Sorting a table in DataView

Alethe · October 8, 2023, 8:17pm

Hi.

I’m a perfect newbie in Obsidian, although I’ve been working on a Zettelkasten for a few years now. In comparison, Obsidian is opening up a whole universe of possibilities: simple text files analyzed by frightfully powerful features is an ideal combination. No more will my thinking be prisoner of inscrutable data structures, as it was with another software.

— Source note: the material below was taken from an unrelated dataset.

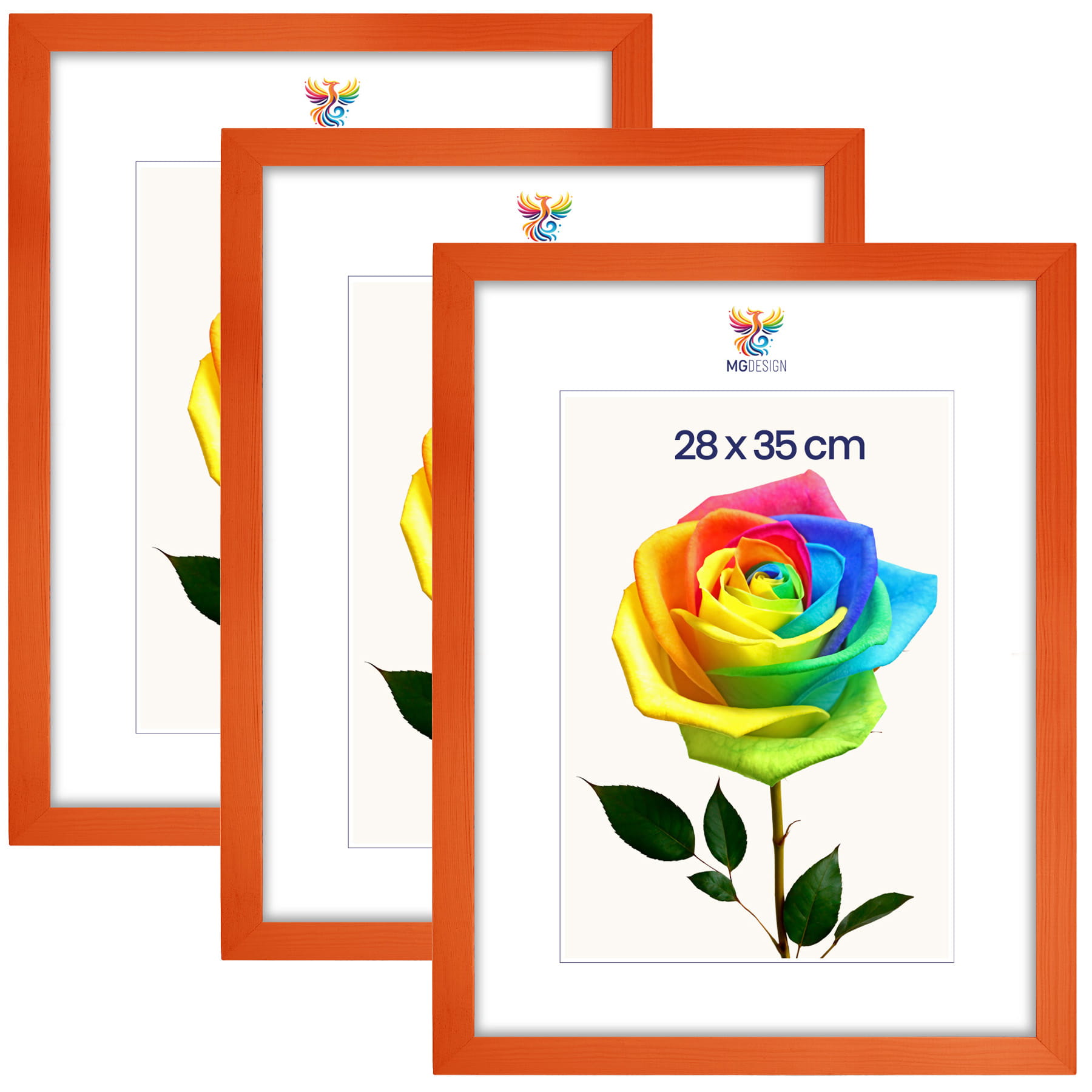 Set of 3 Orange photo frames 11 x 14 in (28 x 35 cm), made of natural wood

I’d like for now to exploit the metadata analysis features of DataView, starting with a very simple query: I have lots of articles quotes, in their own subfolder, all tagged with “#Article”. Another metadata field, “Source”, identifies the newspaper or news outlet the article is from.

YAML sample entry, with irrelevant data omitted:

---
Created: <date>
Modified: <date>
title: <title>
tags: [<many other tags>, "#Article"]
Source: Washington Post
---

I’d like to create a table of news sources, sorted by decreasing number of occurrences, just to have an idea of my news diet. Sounds despairingly simple, but I’m still stumbling.

Here’s my DataView code so far :

TABLE length(rows.Source) AS "Count"
FROM #Article
SORT Count DESC
GROUP BY Source

The table output does lists sources and their number of occurrences correctly, but by alphabetical order of source, not descending count order, as expected.

What am I doing wrong? I feel like an utter imbecile…

All plugins are up to date.

Thank you in advance for your help!

Alethe

ush · October 8, 2023, 9:36pm

Try:

TABLE length(rows) AS "Count"
FROM #Article
GROUP BY Source
SORT length(rows) DESC

Here’re some additional explanation based on my current understanding (correct me if I’m saying something wrong!):

According to the documentation, rows contains all of the pages that belong to each group. So you don’t need to append .Source to get the size of the group.
By length(rows) AS "Count", you can re-label the length(rows) column as “Count”. But the scope of this new label “Count” is limited to the first line of the query (if I understand correctly), so you can’t reuse the “Count” label in another line. This is why SORT length(rows) DESC, not SORT Count DESC.
A DQL query is executed from top to bottom, line by line. So if you want to sort the groups that you made in the line GROUP BY ..., the SORT command must appear after the GROUP BY line.

Alethe · October 8, 2023, 9:55pm

That works like a charm.

Many, many thanks, ush, for your help, and especially your explanations. I understand DataView better now!

holroy · October 27, 2023, 6:21pm

This is correct when you use it on the first line, or the column definition line that is. You could often use it in a FLATTEN statement. Then you would be allowed to use other places in your query. So rewriting your query using this knowledge, we would arrive at:

```dataview
TABLE Count
FROM #Article
GROUP BY Source
FLATTEN length(rows) as Count
SORT Count DESC
```

A final comment related to executed from top to bottom, is that it’s mostly correct, but the first line with TABLE ..., LIST ..., and so on, knows what happens throughout the query, so in my mind I kind of think that as the last line to be executed. This is makes it legal to do stuff like I did above, as when you come to the end of the query, it does know about Count due to the FLATTEN command slightly above…

system · January 25, 2024, 6:22pm

This topic was automatically closed 90 days after the last reply. New replies are no longer allowed.